I’d hesitate before calling Republic Commando an underrated classic. It’s certainly worth playing, especially at the knock-down price Steam sells it for these days, but most of the game’s imagination seems to have been expended on the squad command system that is its unique selling point. Everything else has suffered as a result – plot, characterisation, weapons and enemy design. It’s these last two that really hurt the game, as while a decently-made FPS can get away without the first two if it’s done right, lacklustre weapons and repetitive enemies would be the kiss of death for any FPS that wasn’t Republic Commando. The squad system saves it, it really does, but even so it’s still got those deficiencies weighing it down like a pair of concrete overshoes. Thankfully Republic Commando never quite sinks below the surface level of “acceptably fun”, but it definitely falls some way short of the classic status it could have achieved if it had paid a little more attention to classical FPS design elements.

Tagged , ,

7 thoughts on “Thoughts: Republic Commando.

  1. Josher says:

    Did you ever play the Jedi Knight games?

  2. hentzau says:

    I think I played a demo of Mysteries of the Sith when I was 13.

    (I actually have all of them on Steam but while I enjoyed Dark Forces, the rest of them have not aged well at all.)

    • innokenti says:

      I think the original Jedi Knight is quite solid, but just the light-saber play in JK2 and Jedi Academy I think manages to carry those games further in terms of replayability. I think the the Dark Forces games are superior, but I will replay JK2 and JA rather than them.

  3. Masked Dave says:

    Pretty fair I suppose, but I think the lows you mention mattered more to you than me for hampering of enjoyment.

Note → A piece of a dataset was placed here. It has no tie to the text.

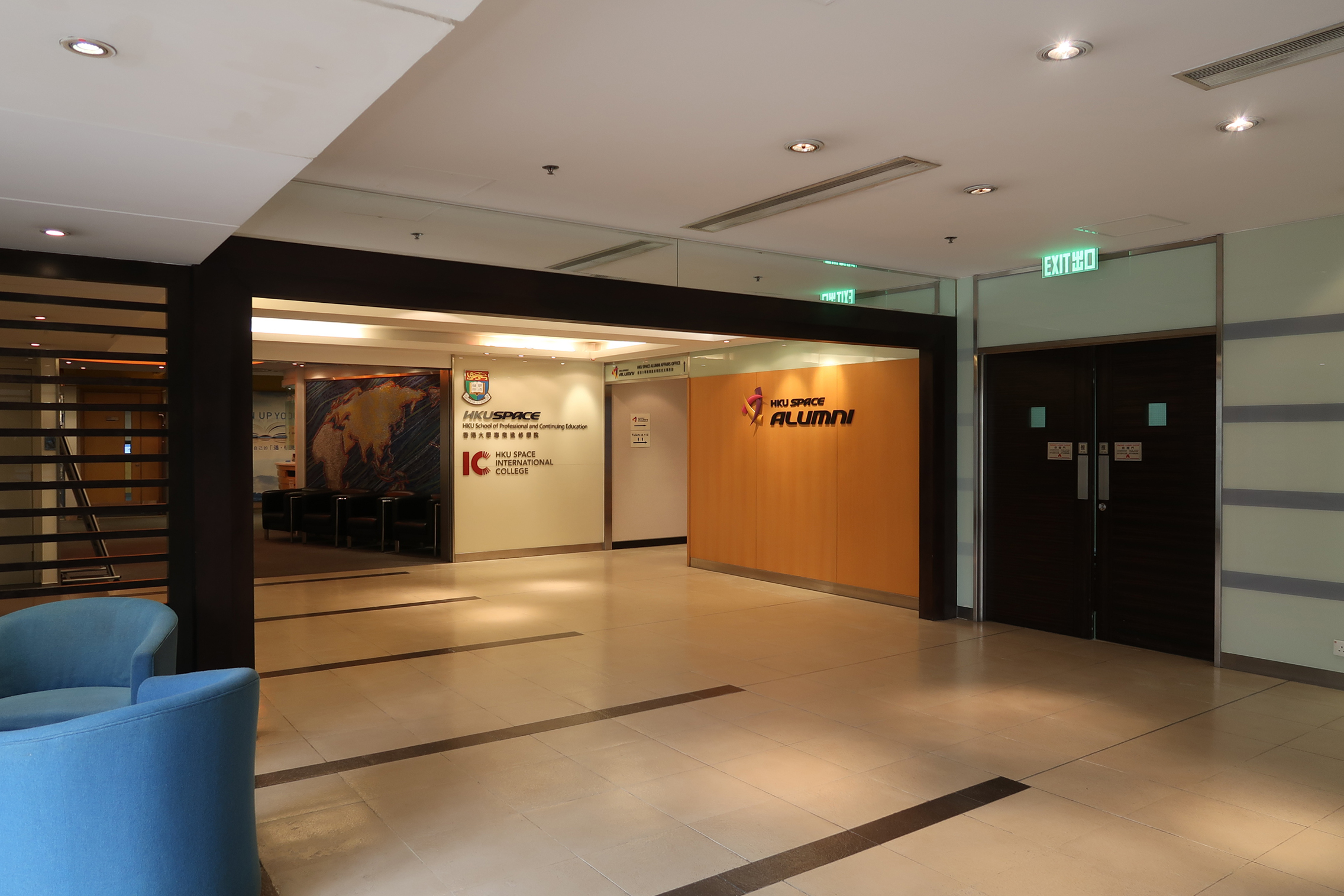 HKU SPACE in United Centre

    My overriding memory is laying on the floor staring through a red tinted view at a wall as the sounds of massive combat went on around me, willing my team through to victory so they could some and save me. Something about the squad dynamic made every moment like that feel very powerful emotionally.

    • hentzau says:

      Those were definitely the best parts of the game, and the reason why I’m not calling Republic Commando a dreary slog through a series of identikit grey corridors and brown canyons. It’s a game with one good idea which would normally doom it to mediocrity, but in this case that idea is just about strong enough to carry the whole weight of the rest of it on its shoulders.

  4. innokenti says:

    I must admit that I didn’t struggle with the scavanger droids, however annoying they were. But yes, it is a hard game, and the satisfactory kind of hard and I think that even the rinse-repeat of the situations you found yourself in and how you solved them with your squad kept it going again and again. I’ve re-played it a few times now and I still enjoy that comforting almost puzzle-like challenge.

    Yes, when it becomes a plain shooter it is not hugely remarkable, but as a whole it does work.

    Still, looks like you enjoyed it despite the flaws. It would be pretty nice if those mechanics were used again somewhere. Sadly Imperial Commando has never turned up…

  5. psyman says:

    I have to disagree with criticism of the mission design. The very long levels are what made RC so special and unique even to this day.

    Each ~2.5 hour mission really allows players to immerse themselves; I felt such a grand sense of achievement from overcoming adversity with my squad due to the epic uninterrupted level design.

    It’s so satisfying and genuinely emotionally moving being able to trace back over all the highs & lows of the journey that my squad had slogged through.

    Those same feelings just wouldn’t be evoked if RC had a dozen brief missions instead. So many action games have short levels these days, I would love for more to be like RC. The only other similar game I’ve played is Mass Effect 1, while ME2 & 3 both had very short missions.